Book Review | Everyday Economics: A User’s Guide to the Modern Economy by Steve Coulter
For many of us, economics appears too abstract and rooted in assumptions that make individuals seem unfamiliar as human subjects. In Everyday Economics: A User’s Guide to the Modern Economy, Steve Coulter seeks to tackle these perceptions by offering an accessible take on economics that shows how it has relevance to different aspects of our everyday lives, from health to shopping and housing. Coulter does an admirable job of breaking down barriers to the discipline, finds Barton Edgerton.
Picture: (Noah Stride CC BY 2.0)
Everyday Economics: A User’s Guide to the Modern Economy. Steve Coulter. Agenda Publishing. 2017.
A little more than ten years ago, the US government declined an opportunity to bail out Lehman Brothers, a 168-year-old investment bank, perhaps deepening a recession that started a year earlier. Few predicted the recession and its exact causes are still a matter of dispute. While one may argue about the specific role the Lehman bankruptcy played, there is little disagreement that the recession – which was deep and wide, impacting large parts of economies across the globe – was a significant hit to the credibility of economics as a profession.
In Everyday Economics: A User’s Guide to the Modern Economy, Steve Coulter recognises this challenge. Early in the book, he notes that on a visit to the London School of Economics in 2008, Queen Elizabeth asked why no one saw the recession coming. It is not a stretch to suggest that the Queen was speaking for most of her subjects as well as for herself. Evidently, the economists gathered didn’t have a very good answer.
Of course, an actual answer might have been unsatisfying to the layperson’s ear. There is a good chance it would have been abstract, complicated and bearing scant resemblance to everyday life. Of course, many economists know this. It was likely an academic economist who first joked that on a desert island, castaways with PhDs from other disciplines would be searching their areas of expertise for ways to open a few cans of food while the economist would just assume a can-opener.
Coulter begins his book by describing his intention to answer two main questions that he believes get to the heart of the Queen’s question: what is the use of economics if it can’t predict the next destructive shock like the recession; and, by extension, how can economics be made more easily understandable? His plan to address each of these is clear and well laid out. The first chapter centres on answering the first question and the seven remaining chapters, each aligned to a topic where economics might improve an individual’s decisions, address the second.
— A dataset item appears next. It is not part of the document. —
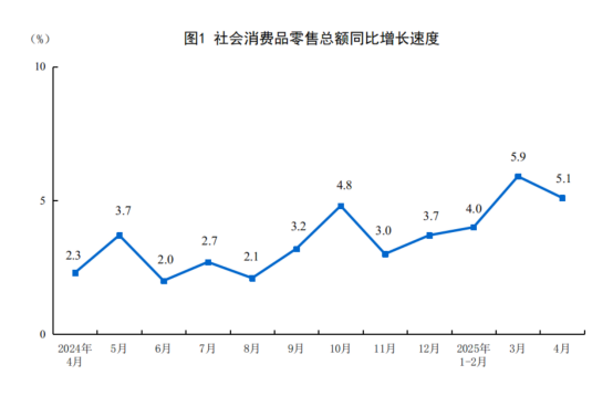 金吾财讯 | 5月19日,国家统计局公布2025年4月份社会消费品零售数据。其中以旧换新相关商品增长较快。4月,社会消费品零售总额37174亿元,同比增长5.1%,略低于预期的5.5%。其中,除汽车以外的消费品零售额33548亿元,增长5.6%。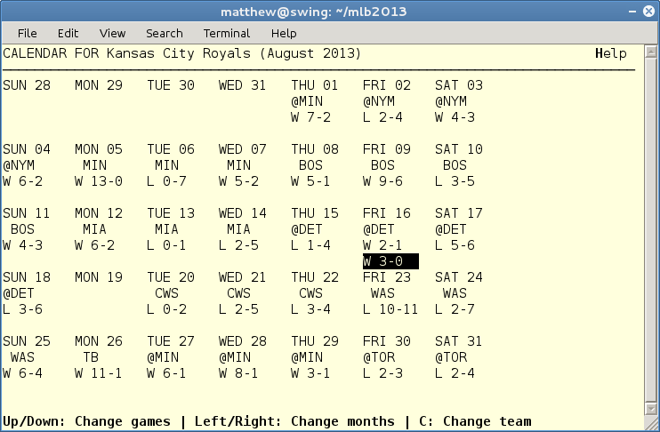 - VIEW: Regular listings, calendar listings by team, or master scoreboard view including in-game action.

The first chapter is a useful brief survey of the different perspectives through which economics views the world. These range from classical political economy to behavioural economics. Though short and necessarily simple, the introduction is likely to be useful for those unfamiliar with the different approaches. Coulter uses this history as a way to show how the discipline has progressively become less abstract and more focused on concerns that might appeal to an individual. At best, this introduction is likely to give informed readers more questions than answers and pique the interest of those new to the topic.
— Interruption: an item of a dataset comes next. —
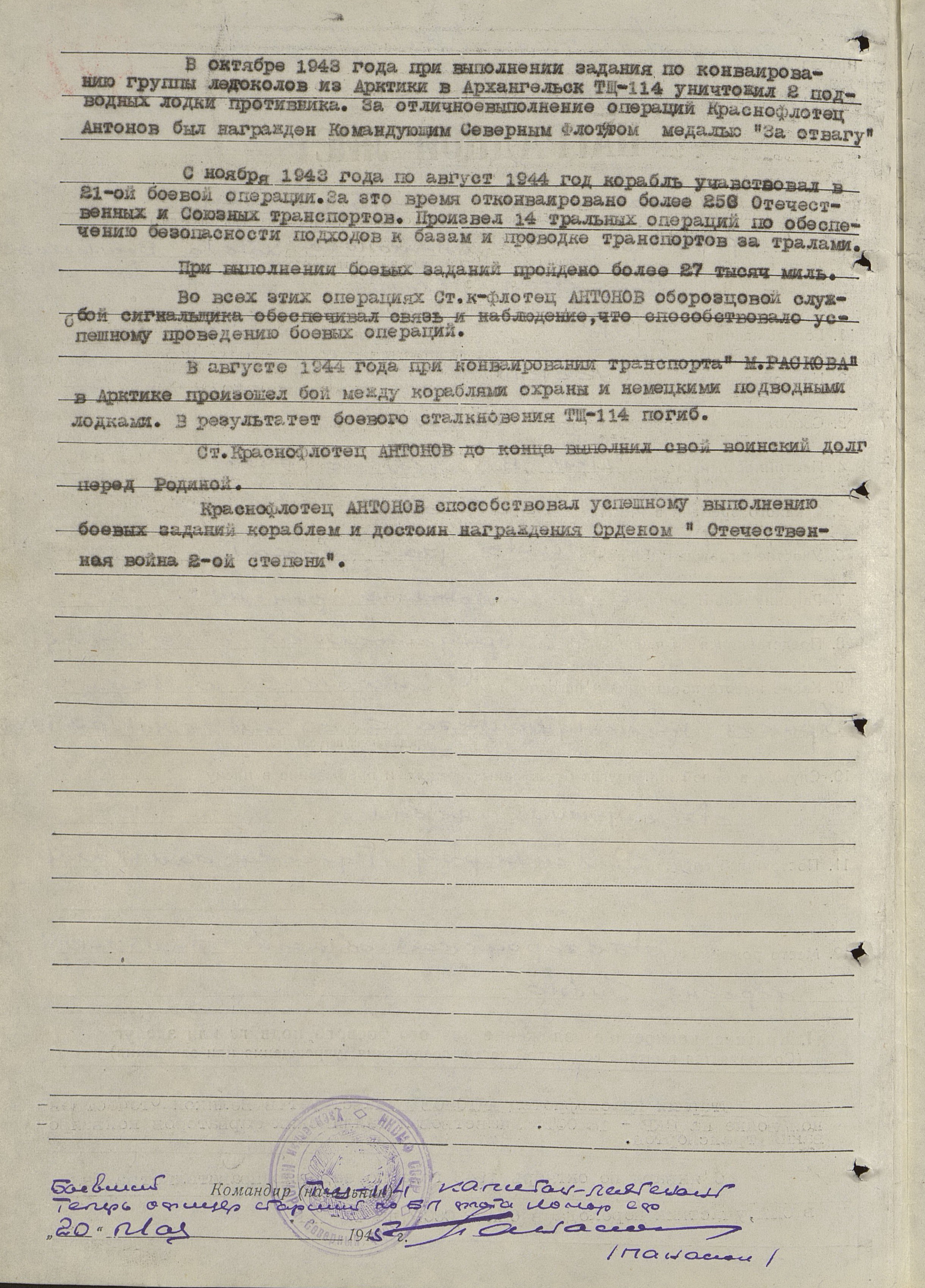 Антонов Павел Васильевич, спасен; воинское звание – краснофлотец (ст. краснофлотец); должность (специальность), часть – сигнальщик, тральщик ТЩ-114 6 ДТЩ Бригада траления ОВР ГБ СФ; год рождения – 1916; место рождения – Ленинградская обл.; партийность – член ВКП(б) с 1942 г.; социальное положение – рабочий; национальность – русский; служба в армии – в РККА с 1938 (1941) г.; награды – медаль «За отвагу», орден Красной Звезды; постоянный адрес –

Subsequent chapters focus on issues that may be of greater interest to the general public. These include education and training; work and occupations; health and healthcare; money, banking and personal finance; housing; shopping and consumption; and benefits and welfare. Each of the seven chapters begins with four key questions to be addressed and a short summary. They consist of four or five subsections, generally two to four pages each, leading to a short conclusion that echoes the summary.
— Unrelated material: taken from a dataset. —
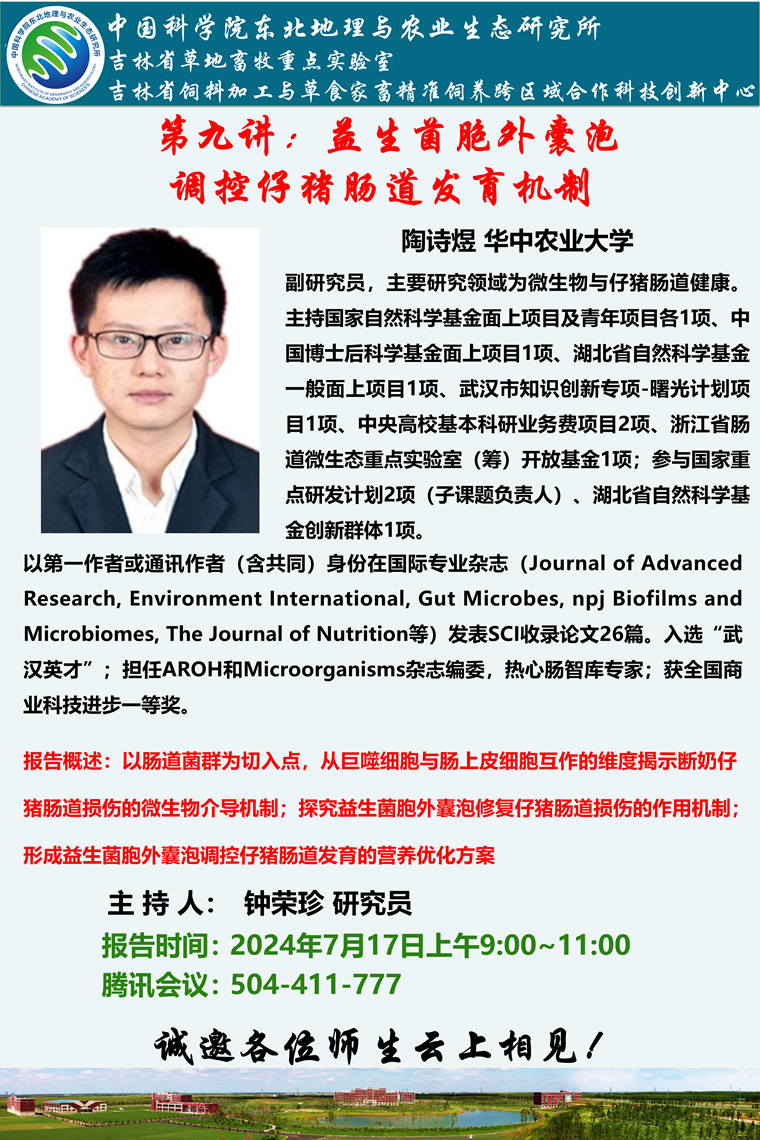 益生菌胞外囊泡調控仔豬腸道發育機制-陶詩煜 副研究員

Economics professionals will no doubt have quibbles with the treatment of different aspects of the discipline. However, this book is not directly for them. As Coulter notes in the first chapter, it is rather for those who are curious about the usefulness of economics but are nonetheless unsure based on their experiences during the great recession. As a whole, the book is also wonderfully free of jargon, formulas and acronyms that can be a barrier to those from outside the discipline when trying to engage with economic concepts.
The chapters hit on many of the perennial concerns that face individuals at all levels of the economic ladder. There are, however, a few gaps that are worth noting. Global trade now appears in headlines atop the business and economic sections of major papers, if not on the front page. Trade, per se, gets scant attention in this book. It is a poor fit for the chapters, which are based on meaningful economic decisions that individuals have to make. However, a careful reader might be able to draw a discussion of globalisation from Chapter Five’s treatment of the financial system. There is also a brief account of the importance of global supply chains in Chapter Seven on consumption. However, neither is likely to be helpful to the novice reader who wants to understand how raising tariffs might impact their lives.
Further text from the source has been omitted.